Description
Describe the bug
I'm trying to issue Range requests for some bytes out of pypi wheels. The ETag response header is not constant, and I think it should be.
The immediate application is some code to extract metadata (yes, I know it's being backfilled), but would like to use this same code as a stopgap to enable targeted malware scanning of large wheels without downloading the whole thing.

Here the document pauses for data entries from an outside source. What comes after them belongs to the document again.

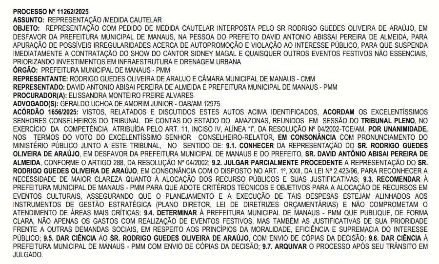 O Tribunal de Contas do Estado do Amazonas (TCE-AM) julgou parcialmente procedente a representação do vereador Rodrigo Guedes (Progressistas) contra o prefeito David Almeida (Avante), que questiona possíveis irregularidades por autopromoção e violação ao interesse público na contratação do show do cantor Sidney Magal e outros eventos festivos. A Corte determinou maior transparência na destinação dos recursos públicos e recomendou à Prefeitura de Manaus que priorize investimentos em infraestrutura e drenagem urbana, além de estabelecer critérios técnicos e justificativas claras para gastos com eventos culturais. A decisão foi publicada no Diário Oficial do TCE-AM, dessa sexta-feira (17).
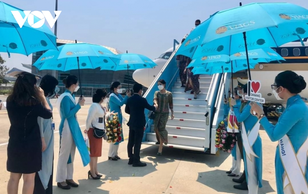 Chuyến bay mang số hiệu SQ172 đưa gần 160 hành khách từ Singapore đã hạ cánh xuống sân bay Quốc tế Đà Nẵng lúc 11h05 trưa nay. Lãnh đạo UBND thành phố Đà Nẵng, ngành du lịch thành phố dự đón và tặng hoa cho hành khách ngay tại sân đỗ máy bay. Trước sự tiếp đón nồng hậu này, nhiều hành khách quốc tế bất ngờ và xúc động.
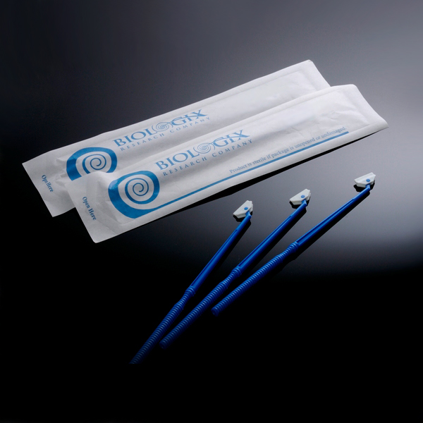 Skrobaczki do kultur komórkowych wykonane z polietylenu (PE). Posiadają obrotowe ostrze oraz specjalnie zaprojektowaną, antypoślizgową rączkę. Zapewnia to możliwość precyzyjnego zeskrobywania, przy jednoczesnej minimalizacji uszkodzeń zbieranych komórek. Sterylne.

I need to figure out if this is something that can be fixed, or if I need to work around changing etags by sniffing the Cache-Control: immutable
or something.
Expected behavior
Requesting ranges from the beginning and end of wheels returns the same etag and content-type.
To Reproduce
$ curl -I https://files.pythonhosted.org/packages/88/8a/76a32ba459b4c376cc3780dca0f600bbbb63b3610249a068f7eb20991ee3/pandas-2.2.0-cp310-cp310-macosx_10_9_x86_64.whl
...
etag: "40d570a6b0f1aa3c1de02d4bf7b8e3ae-2"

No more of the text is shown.